◆ Information shown ◆
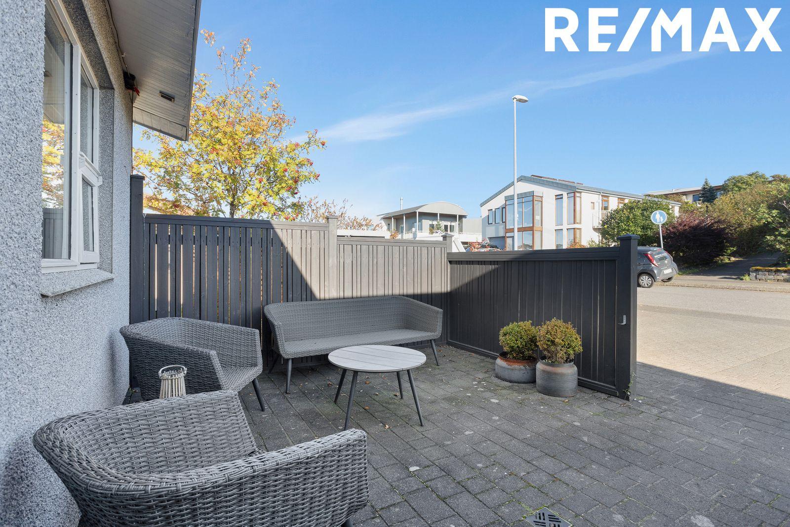 Nánari lýsing eignar:Aðalinngangur eignarinnar er á efri hæð hússins, gengið beint inn af bílaplani hússins. Fyrir framan innganginn er gott bílaplan sem rúmar vel 3 bíla. Einnig er útisvæði með skjólveggjum, einskonar auka verönd. Hægt er að ganga niður að garðinum við hægri gafl hússins.
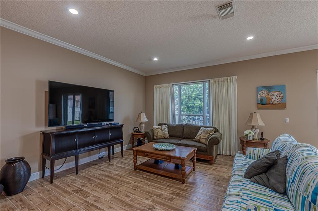 This beautiful, spacious 3/2 home is located in the attractive residential area of Oakridge. The home features a large open living/dining room area, volume ceilings, crown molding, wood-look tile floorings, spacious updated kitchen with stainless appliances, breakfast bar and eat in area, split floor plan, the Master Bedroom features custom drapes, built in closets, a large bathroom with dual sinks and a separate tub and shower. Large windows allow plenty of natural sunlight into the home and feature a retractable awning in the back of the home, accordian shutters, and all doors are hurricane rated for your safety. Come enjoy your bright new home in the 24 hr manned gated community of Oakridge offering amenities of tennis courts, walking trail, tot lot, and boat yard (fee).
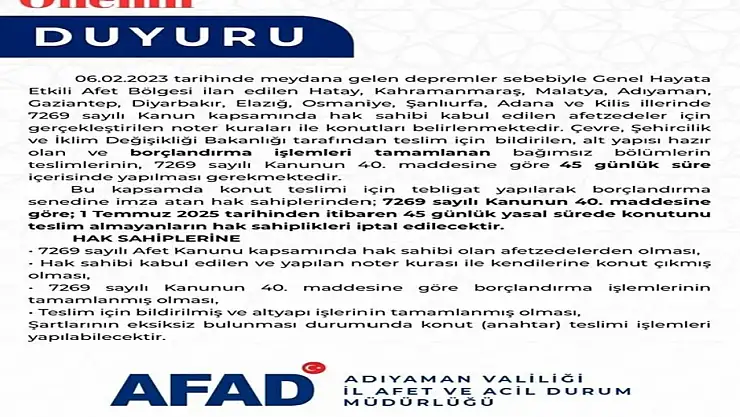 Konuyla ilgili Adıyaman Valiliği tarafından yapılan önemli Duyuruda şu ifadelere yer verildi; “06.02.2023 tarihinde meydana gelen depremler sebebiyle Genel Hayata Etkili Afet Bölgesi ilan edilen Hatay, Kahramanmaraş, Malatya, Adıyaman, Gaziantep, Diyarbakır, Elazığ, Osmaniye, Şanlıurfa, Adana ve Kilis illerinde 7269 sayılı Kanun kapsamında hak sahibi kabul edilen afetzedeler için. Gerçekleştirilen noter kuraları ile konutları belirlenmektedir. Çevre, Şehircilik ve İklim Değişikliği Bakanlığı tarafından teslim için bildirilen, alt yapısı hazır olan ve borçlandırma işlemleri tamamlanan bağımsız bölümlerin teslimlerinin, 7269 sayılı Kanunun 40. maddesine göre 45 günlük süre içerisinde yapılması gerekmektedir. Bu kapsamda konut teslimi için tebligat yapılarak borçlandırma senedine imza atan hak sahiplerinden; 7269 sayılı Kanunun 40. maddesine göre; 1 Temmuz 2025 tarihinden itibaren 45 günlük yasal sürede konutunu teslim almayanların hak sahiplikleri iptal edilecektir.

◆ Work request ◆
Transcribe the listing above verbatim. Omit the pictures.

◆ Response to this exercise ◆
 Nánari lýsing eignar:Aðalinngangur eignarinnar er á efri hæð hússins, gengið beint inn af bílaplani hússins. Fyrir framan innganginn er gott bílaplan sem rúmar vel 3 bíla. Einnig er útisvæði með skjólveggjum, einskonar auka verönd. Hægt er að ganga niður að garðinum við hægri gafl hússins.
 This beautiful, spacious 3/2 home is located in the attractive residential area of Oakridge. The home features a large open living/dining room area, volume ceilings, crown molding, wood-look tile floorings, spacious updated kitchen with stainless appliances, breakfast bar and eat in area, split floor plan, the Master Bedroom features custom drapes, built in closets, a large bathroom with dual sinks and a separate tub and shower. Large windows allow plenty of natural sunlight into the home and feature a retractable awning in the back of the home, accordian shutters, and all doors are hurricane rated for your safety. Come enjoy your bright new home in the 24 hr manned gated community of Oakridge offering amenities of tennis courts, walking trail, tot lot, and boat yard (fee).
 Konuyla ilgili Adıyaman Valiliği tarafından yapılan önemli Duyuruda şu ifadelere yer verildi; “06.02.2023 tarihinde meydana gelen depremler sebebiyle Genel Hayata Etkili Afet Bölgesi ilan edilen Hatay, Kahramanmaraş, Malatya, Adıyaman, Gaziantep, Diyarbakır, Elazığ, Osmaniye, Şanlıurfa, Adana ve Kilis illerinde 7269 sayılı Kanun kapsamında hak sahibi kabul edilen afetzedeler için. Gerçekleştirilen noter kuraları ile konutları belirlenmektedir. Çevre, Şehircilik ve İklim Değişikliği Bakanlığı tarafından teslim için bildirilen, alt yapısı hazır olan ve borçlandırma işlemleri tamamlanan bağımsız bölümlerin teslimlerinin, 7269 sayılı Kanunun 40. maddesine göre 45 günlük süre içerisinde yapılması gerekmektedir. Bu kapsamda konut teslimi için tebligat yapılarak borçlandırma senedine imza atan hak sahiplerinden; 7269 sayılı Kanunun 40. maddesine göre; 1 Temmuz 2025 tarihinden itibaren 45 günlük yasal sürede konutunu teslim almayanların hak sahiplikleri iptal edilecektir.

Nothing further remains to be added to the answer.